▶ _THE TASK_
In the entries that follow, the first line to write out is the one containing "Malpur (13 km)", and the last is the one containing "Способность получить план". Reproduce that stretch exactly, with nothing before or after it.

====== GIVEN INFORMATION

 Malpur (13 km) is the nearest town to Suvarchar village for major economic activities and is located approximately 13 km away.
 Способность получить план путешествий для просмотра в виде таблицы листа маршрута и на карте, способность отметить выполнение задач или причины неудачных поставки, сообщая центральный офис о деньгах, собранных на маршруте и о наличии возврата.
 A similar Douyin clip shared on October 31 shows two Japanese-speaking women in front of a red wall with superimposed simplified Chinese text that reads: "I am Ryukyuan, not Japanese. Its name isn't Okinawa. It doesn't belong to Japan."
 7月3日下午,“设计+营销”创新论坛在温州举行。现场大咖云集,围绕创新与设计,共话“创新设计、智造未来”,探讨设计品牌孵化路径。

============
====== GIVEN INFORMATION

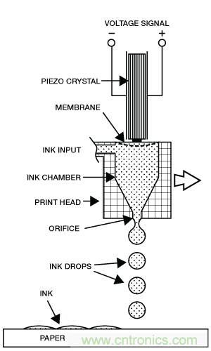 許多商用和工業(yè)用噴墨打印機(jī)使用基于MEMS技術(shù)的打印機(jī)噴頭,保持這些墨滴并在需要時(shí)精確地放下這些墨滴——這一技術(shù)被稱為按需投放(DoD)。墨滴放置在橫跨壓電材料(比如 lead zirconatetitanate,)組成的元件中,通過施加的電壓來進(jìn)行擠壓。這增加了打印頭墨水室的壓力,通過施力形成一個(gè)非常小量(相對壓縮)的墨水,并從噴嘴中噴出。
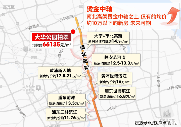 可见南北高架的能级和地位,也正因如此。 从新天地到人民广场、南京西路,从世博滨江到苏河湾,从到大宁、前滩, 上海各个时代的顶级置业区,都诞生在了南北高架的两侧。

============

▶ _ANSWER BOX_
 Malpur (13 km) is the nearest town to Suvarchar village for major economic activities and is located approximately 13 km away.
 Способность получить план путешествий для просмотра в виде таблицы листа маршрута и на карте, способность отметить выполнение задач или причины неудачных поставки, сообщая центральный офис о деньгах, собранных на маршруте и о наличии возврата.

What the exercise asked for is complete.